>>>

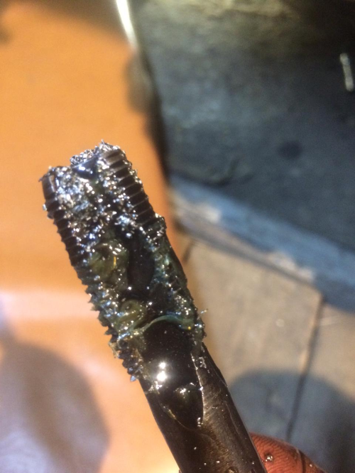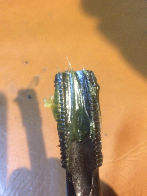 Метчик обильно обмазываем литолом, чтобы стружка с ним перемешивалась и не падала вовнутрь мотора.
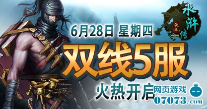 侠义水浒传双线5服将于6月28日12:00火爆开启。穿越历史长河,体验梁山好汉的豪情壮志! 喜迎新服开启,侠义水浒传已为您准备了丰富的开服活动助你在驰骋沙场、共谋替天行道之大计,救万民于水火,广播浩然天地之正气!!
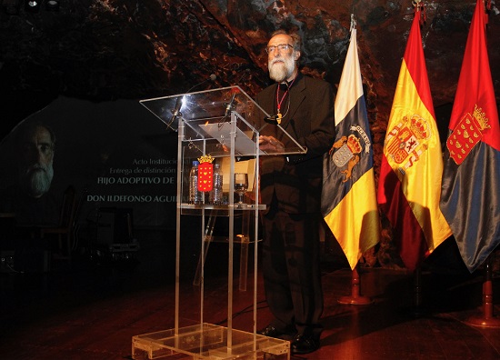 A continuación fue el turno de las intervenciones protocolarias, siendo el primero en subirse al escenario de Jameos Enrique Pérez Parilla, ex-presidente del Cabildo y amigo personal de Ildefonso Aguilar. Pérez Parrilla loó en su discurso “la indiscutible calidad artística de Idelfonso, cuya trayectoria ha sido seguida y reconocida por críticos y especialistas dentro y fuera de nuestro país”, y el indudable “respeto y amor por Lanzarote y su paisaje” que siente el artista, y que ha sido “motivo de inspiración personal y objeto de su actividad artística”. Parrilla afirmó que “este reconocimiento hace justicia a una vida dedicada al arte y a Lanzarote”.
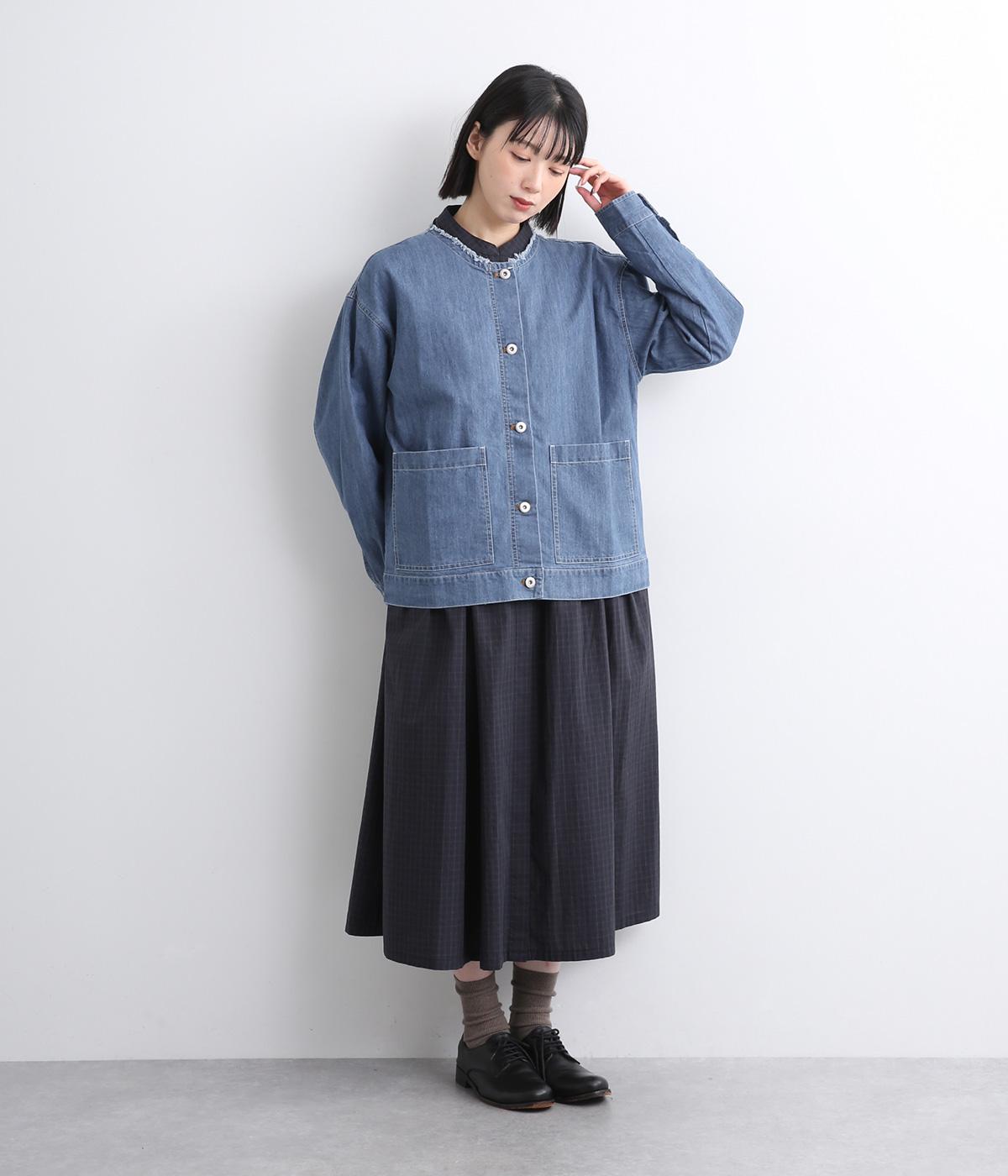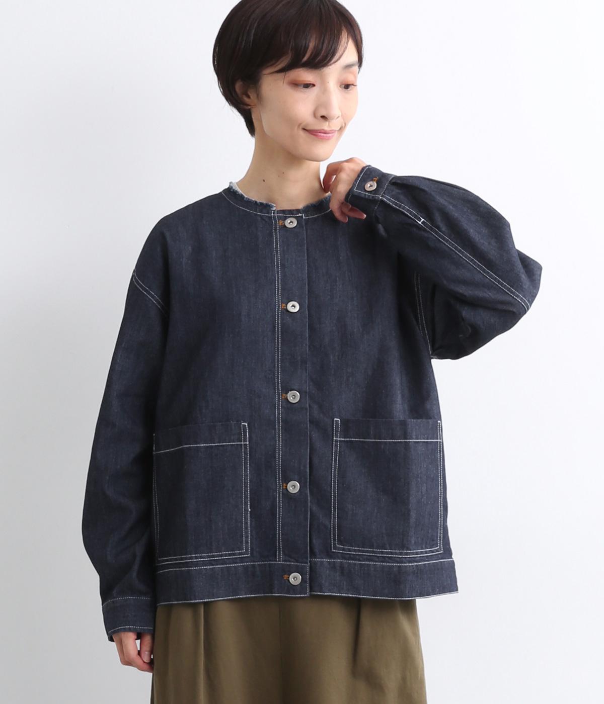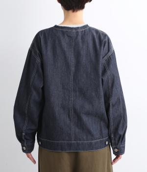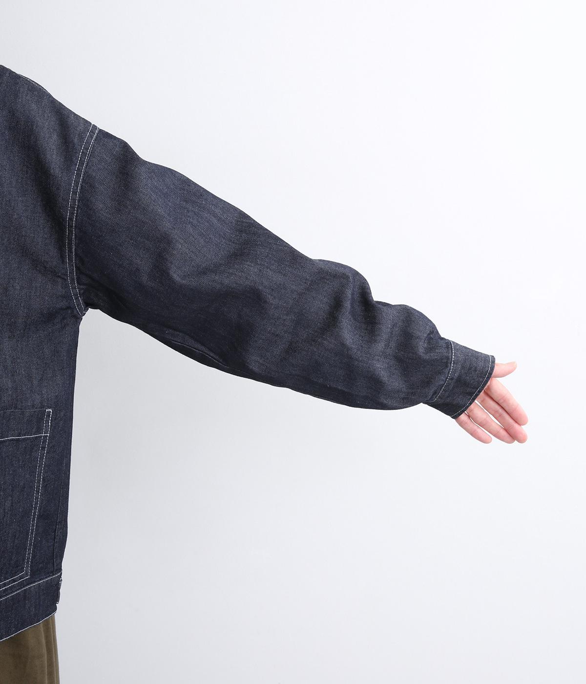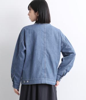 適度なハリと、ドライな肌ざわりが特徴的なコットン混紡デニム生地を使用しました。軽い羽織りものになる中肉厚生地で、ロングシーズン着まわしができます。
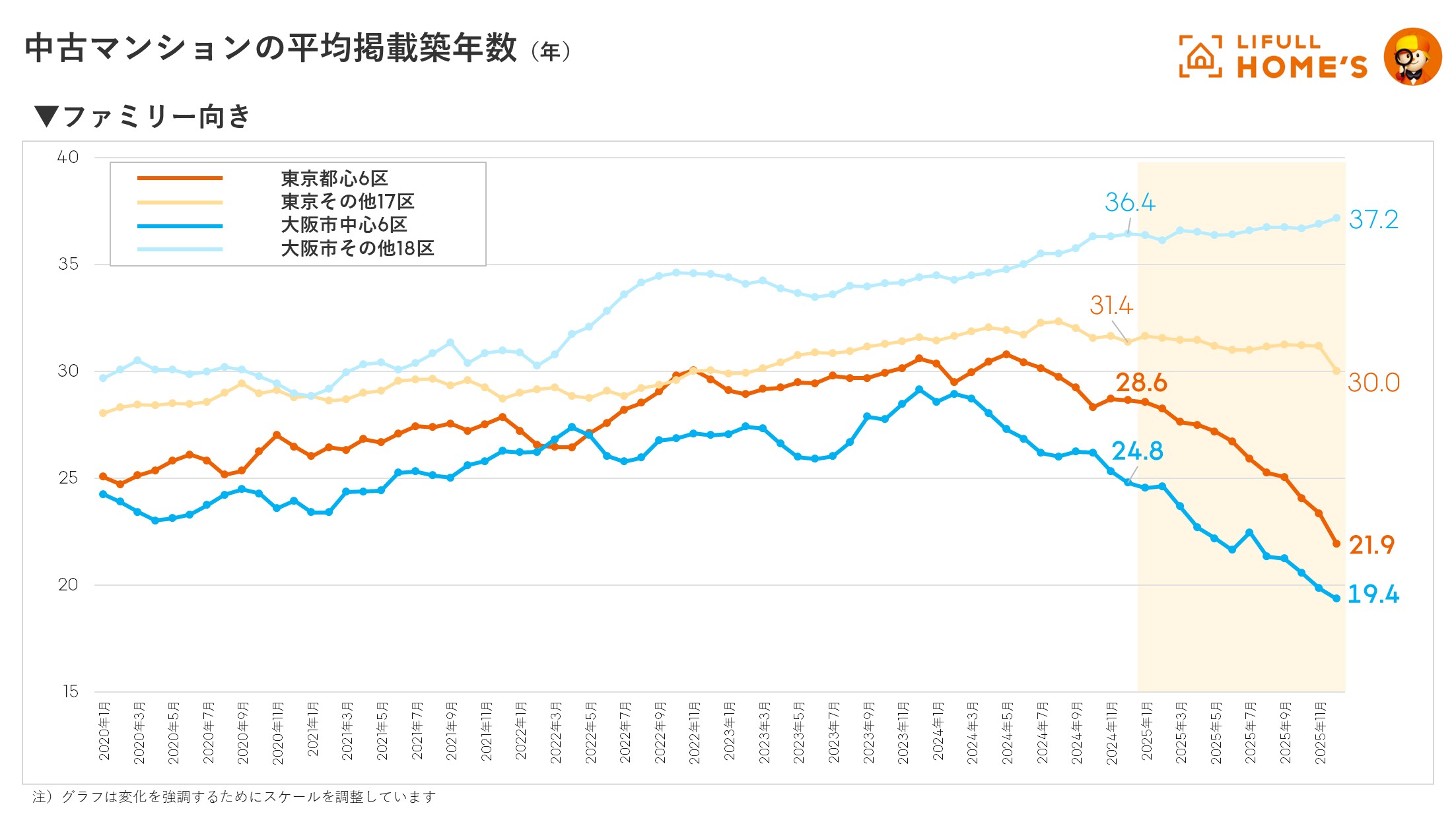・掲載築年数は1年間で東京都心部が7年、大阪市中心部が6年若返る

<<<

[PROBLEM STATEMENT] Could you set down, exactly as written, every line from the start of the records above through the line containing "侠义水浒传双线5服将于6月2", leaving the pictures out?

[SOLUTION BELOW]
 Метчик обильно обмазываем литолом, чтобы стружка с ним перемешивалась и не падала вовнутрь мотора.
 侠义水浒传双线5服将于6月28日12:00火爆开启。穿越历史长河,体验梁山好汉的豪情壮志! 喜迎新服开启,侠义水浒传已为您准备了丰富的开服活动助你在驰骋沙场、共谋替天行道之大计,救万民于水火,广播浩然天地之正气!!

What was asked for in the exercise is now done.